Search code examples
pythontensorflowmetricsrasa-nlu

Rasa NLU: Confidence Score Computation


I was trying to understand what the confidences score outputted by rasa nlu(ver-0.12.3) actually are and how they are computed.

I have been working on intent classification task with tensorflow embedding. Once my model is trained and I parse new/test data, I receive a confidence score along with each probable intent. But I have little to no idea of what actually this confidence score represents.

As mentioned in docs, it does not represent probability. And after some observation of results, it seems to be a one-many type evaluation i.e. for a single text input, I can get multiple intents with high confidence scores.

After having a quick look at the code, I think it is computed in “_tf_sim” function in “embedding_intent_classifier.py” file (Relevant code segment below)

Can somebody please confirm/clarify on how it works or what exactly a confidence score means here?

    def _tf_sim(self, a, b):
    """Define similarity"""

    if self.similarity_type == 'cosine':
        a = tf.nn.l2_normalize(a, -1)
        b = tf.nn.l2_normalize(b, -1)

    if self.similarity_type == 'cosine' or self.similarity_type == 'inner':
        sim = tf.reduce_sum(tf.expand_dims(a, 1) * b, -1)

        # similarity between intent embeddings
        sim_emb = tf.reduce_sum(b[:, 0:1, :] * b[:, 1:, :], -1)

        return sim, sim_emb
    else:
        raise ValueError("Wrong similarity type {}, "
                         "should be 'cosine' or 'inner'"
                         "".format(self.similarity_type))

Solution

  • The intent classifier intent_classifier_tensorflow_embedding (docs) is an approach based on the StarSpace paper from Facebook.

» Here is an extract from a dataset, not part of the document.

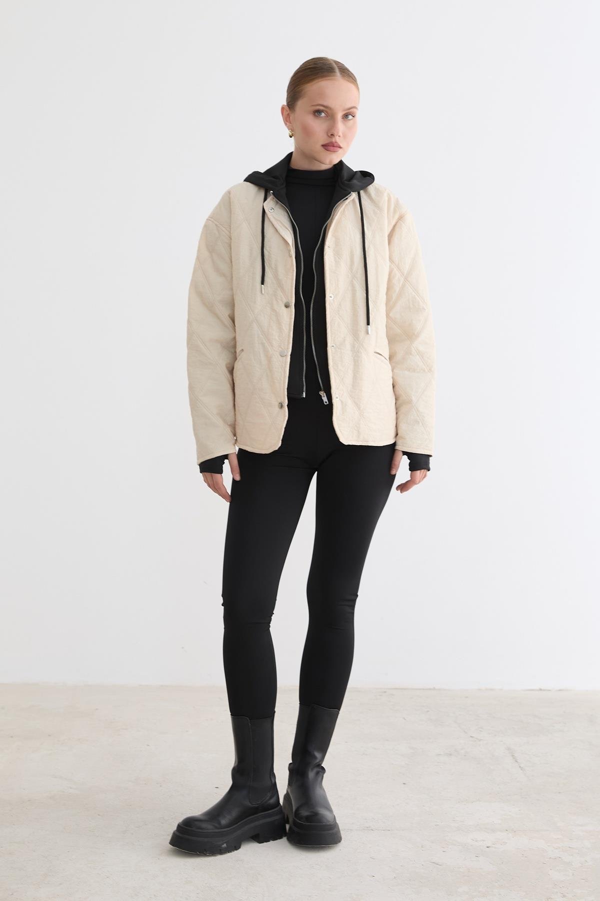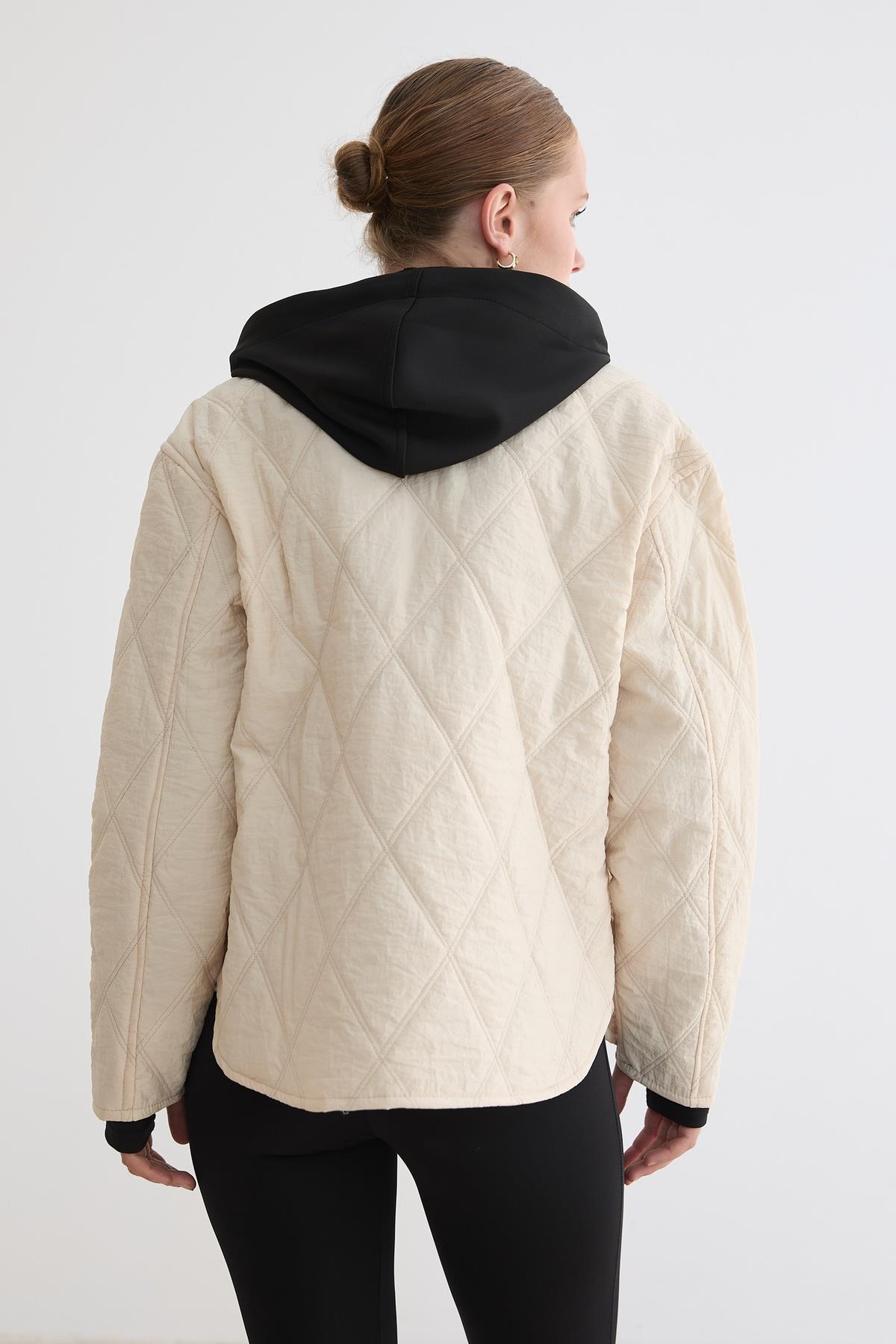 Kadın Kapüşonlu Garni Detaylı Kapitone Mont TAŞ (M28-5841**-TAŞ-L)
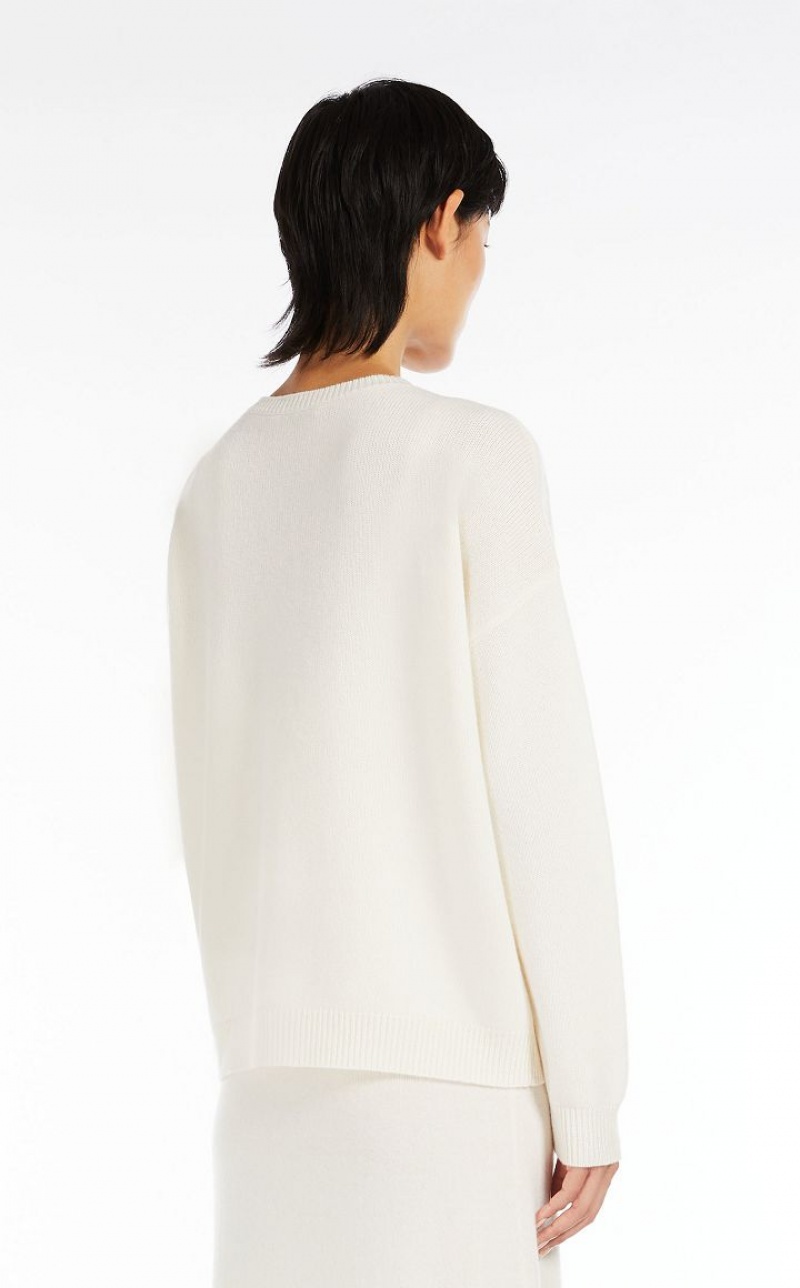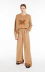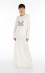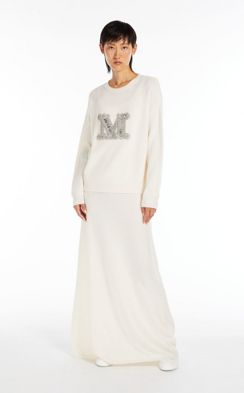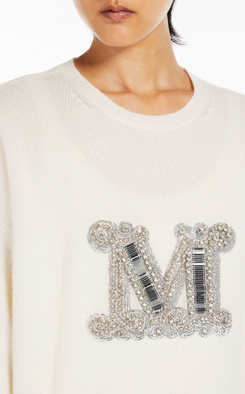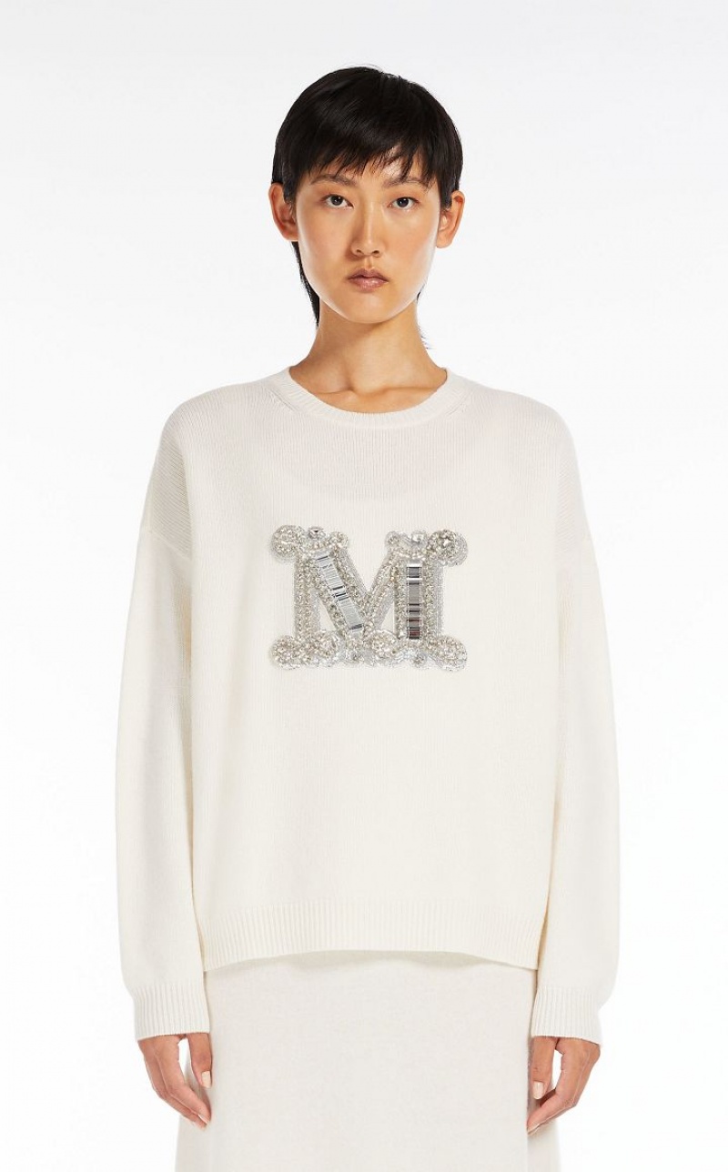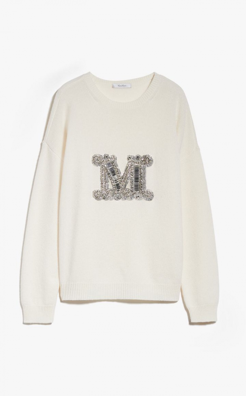 Jumper in exquisite pure cashmere yarn, featuring a round neck and long sleeves with dropped shoulders. Slightly oversized relaxed fit style, embellished with a jewel appliqué that reproduces the M Monogram logo on the front. Finished with ribbed edges. Length: 65 cm.

    In this approach both, intent examples and their labels, are embedded in the same multidimensional space. So the intent feature vector, and the label of this sentence are each multiplied with a weight matrix, which maps them to an n-dimensional space. During the training these two weight matrices are adjusted, so that the mapped intent vector is similar to the mapped vector of its label and as different as possible to the other labels. Hereby, similarity is measured using the cosine similarity. This similarity is 1 if the vectors point in the same direction, for other angles < 1.